Wir sehen, welche Zustimmung Rechtspopulismus und -extremismus in ostdeutschen Ländern, Landkreisen und Gemeinden bereits haben, und wir haben die Entwicklung von manifest demokratiefeindlichen und staatsgefährdenden Gruppierungen von Querdenkern über Reichsbürger bis hin zu rechtsextremen Bundestagsabgeordneten gesehen. Und wir sehen demokratiefeindliche Praktiken in der Bundesregierung und im Parlament selbst. Was bedeutet, dass wir – wie übrigens bei den anderen in diesem Buch geschilderten Problemlagen auch – uns nicht vor einem gefährlichen Prozess befinden, sondern bereits in ihm . Mit Dietrich Dörner ist es bei der Bewältigung auch dieser komplexen Situation eminent wichtig, nicht den Zustand zu regulieren zu versuchen – durch Antisemitismusbeauftragte oder Demokratieförderprogramme –, sondern den Prozess des Verlustes einer gemeinsamen Welt aufzuhalten. Und an die kritische Variable des Problems zu gehen: Das ist der erodierende gesellschaftliche Zusammenhalt, das sind die fehlenden Formen lebendiger demokratischer Vergemeinschaftung.

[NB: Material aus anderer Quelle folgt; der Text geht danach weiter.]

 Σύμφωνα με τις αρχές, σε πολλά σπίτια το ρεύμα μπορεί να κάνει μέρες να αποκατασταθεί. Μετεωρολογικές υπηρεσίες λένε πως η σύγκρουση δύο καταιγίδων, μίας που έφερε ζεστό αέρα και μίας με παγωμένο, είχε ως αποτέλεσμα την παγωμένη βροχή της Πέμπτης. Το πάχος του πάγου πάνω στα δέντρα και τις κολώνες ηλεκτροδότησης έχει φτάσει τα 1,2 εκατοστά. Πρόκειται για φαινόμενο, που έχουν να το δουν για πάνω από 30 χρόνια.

Der Schaden ist groß: Deutschland blickt im Jahr 2023 auf die Trümmerlandschaft einer neoliberalen Epoche zurück, die unter dem Paradigma der Kosteneffizienz die öffentlichen Infrastrukturen, die Schulen, die Bahn, den sozialen Frieden, das Image der Ordnungspolitik und das Gefühl der Menschen ruiniert hat, in einem Land zu leben, in dem es im Großen und Ganzen gerecht zugeht.

Was hat sie gebracht, diese Epoche? Eine weitgehend geräuschlos verlaufende Umverteilung von unten nach oben, eine Verschiebung von politischen Kämpfen von der materiellen auf die symbolische Ebene und eine komplette transzendentale Obdachlosigkeit, was die Gestaltung der Zukunft angeht. Der Philosoph Michael Sandel hat brillant beschrieben, wie der Neoliberalismus seit der Reagan-Ära die demokratische Kultur insofern im Kern beschädigt hat, als seither nicht mehr der Staat als ordnende Instanz der öffentlichen Angelegenheiten verstanden wird, sondern der Markt und insbesondere der Finanzmarkt diese Rolle übernommen haben. Das hat Sandel zufolge zu einem immer weiter wachsenden Gefühl der »Entmachtung« aufseiten derjenigen geführt, die nicht zu den Eliten zählen und in den vergangenen drei, vier Jahrzehnten erhebliche Teilhabeverluste haben einstecken müssen. [188]

Eine »konsumorientierte Idee der Freiheit« der Wenigen hat die gemeinwohlorientierte Idee der Freiheit aller abgelöst und damit in gewissem Sinn die Idee der Demokratie selbst entwertet. Anders gesagt: Wenn die Vorstellung, »die da oben« würden sich für den Rest der Gesellschaft nicht mehr ernsthaft interessieren, keine zu schlichte Weltsicht mehr ist, sondern die Wirklichkeit abbildet, gerät die Demokratie ins Rutschen.

Die Übung, das alles wieder in Ordnung zu bringen, wird innerhalb des gegebenen Zustands gar nicht gehen. Man kann vieles, was kaputt gemacht wurde, nicht schnell wieder in tadellose Funktion versetzen, insbesondere wenn es sich um komplexe Infrastruktursysteme handelt. Vieles ist aber auch gar nicht mehr zu retten; man muss, was wegen Überforderung durch die Wirklichkeit nicht mehr funktioniert, einfach schließen und nie wieder aufmachen. Das Beschaffungsamt der Bundeswehr in Koblenz sollte man zu einem Denkmal einer sich selbst lahmlegenden Merkblätter-Autokratie weihen, seine 12000 Beschäftigten in gläsernen Büros bei der Arbeit ausstellen, so ähnlich, wie Volkswagen ein paar Jahre vor dem Untergang der deutschen Autoindustrie die Produktion des Luxuswagens Phaeton in einer gläsernen Manufaktur in Dresden simuliert hat. Ein Fake, wie so vieles andere mittlerweile.